Hello everyone! I have a question about Dataform.
My question is: how does this environment handle errors in the pipeline?
Data Fusion has an error collector, which is a very useful way to manage and log errors in the pipeline.
So, does Dataform have something similar to an error collector?
thanks!!!!
Good afternoon.
Workflow errors are captured automatically and can be monitored within GCP Logging:
Or within the Workflow Execution Logs module in the Dataform platform.
Ok, but is this only for monitoring? Because in Data Fusion, the error collector lets you save errors along with customizable fields that describe the error in the pipeline. Is this the same?
The Workflow Execution Logs within Dataform is for monitoring and a quick overview.
GCP Logging however, is infinitely customizable. Search, filter, analyze, store,... Integrate it into pub/sub, Cloud Monitoring, Alerting,...
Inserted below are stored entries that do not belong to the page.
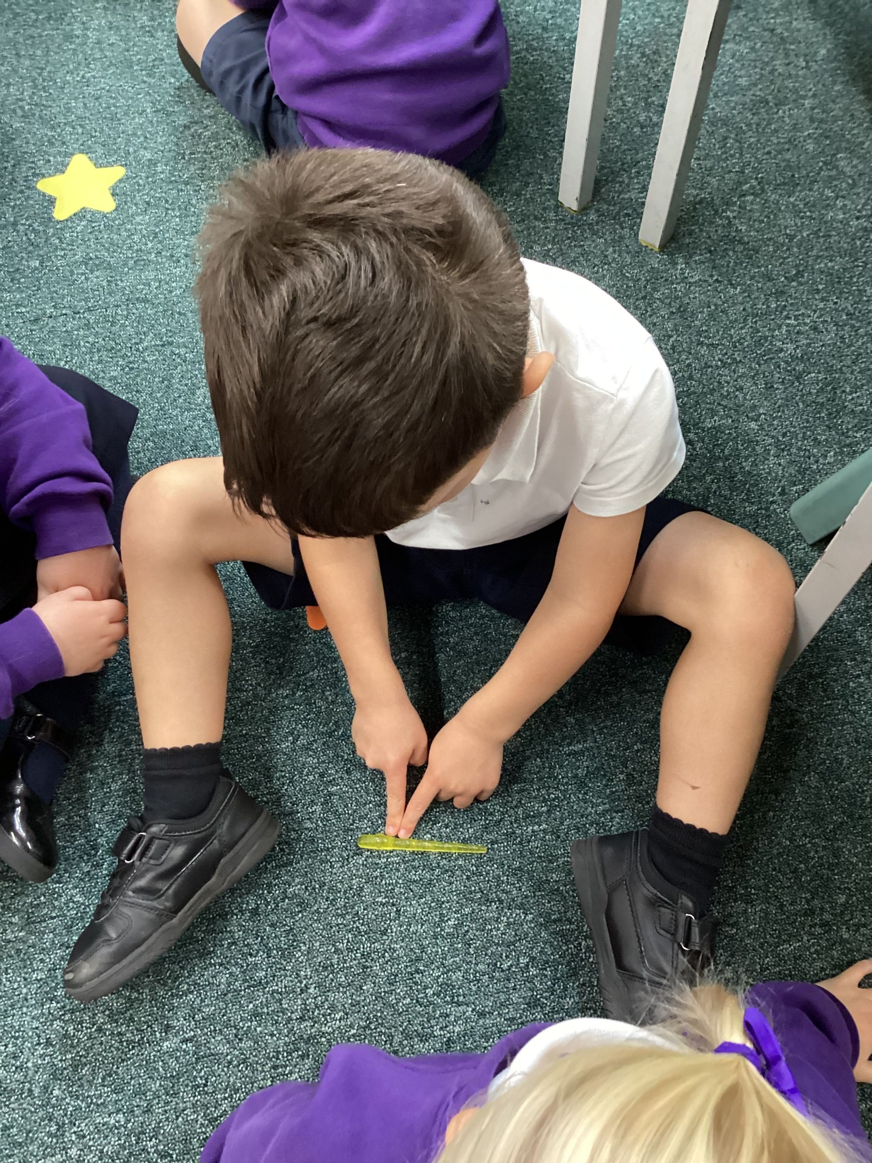 In Maths, we spoke about length and height using words like tall/short and long/short. Then, we have been using body parts to carefully measure length and height. No gaps, no overlaps and count as we go.
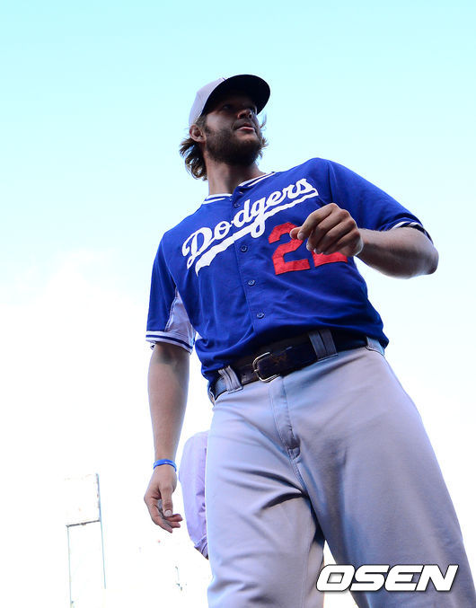 13일(이하 한국시간) 미국 캘리포니아주 샌프란시스코 AT & T 파크에서 열린 '2014 메이저리그' LA 다저스와 샌프란시스코 자이언츠의 경기, 경기에 앞서 다저스 커쇼가 훈련을 마치고 더그아웃으로 향하고 있다.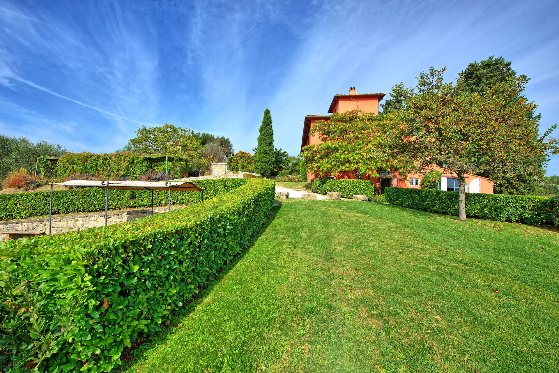 Confortevole villa ricavata della ristrutturazione di un’antica proprietà le cui origini risalgono al 1300, situata nelle immediate vicinanze di Firenze (distante soltanto 15 km). La struttura fa parte di un’ampia azienda agricola con 200 ettari di campi coltivati in parte a vigneti e in parte ad oliveti dove vengono prodotti ottimi vini e un ottimo olio extravergine di oliva.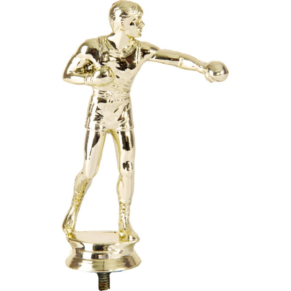 Цвет: золото, материал: пластик. Вид спорта: бокс. Фигурка выполнена в виде фигуры мужчины-боксера. Он наносит удар невидимому противнику. Его левая рука в перчатке выставлена вперёд, а правая прижата к телу на уровне груди. Ноги расставлены на ширине плеч, левая нога отведена немного назад. Боксёр одет в футболку и шорты. Ощущение движения создаётся за счёт складок на одежде. Высота, см: 13.7 Вес, кг: 0.04. Фигурку возможно закрепить на цоколь, постамент или кубок.

Alerting for example, I have it set up to notify stakeholders when a pipeline they're invested in fails or flags for QA issues. It sends information pulled out of the logs along with actionable items and resolution plans that I customize.
There is a learning curve so I would not expect someone to jump into it without a lot of time and research effort.
Hi @theos_E ,
Dataform currently does not have a built-in “error collector” like Cloud Data Fusion.
Instead, Dataform relies on:
– The underlying BigQuery job errors (you can view them in BigQuery or in the Dataform execution logs).
– Assertions you write in your Dataform code (like assert blocks) to explicitly catch and flag data issues.
– Execution status and logs visible in the Dataform UI or via integrated Cloud Logging (if you set it up).
There’s no automatic “side stream” or error table like in Data Fusion pipelines — you’d need to handle error patterns manually using custom SQL logic or assertions.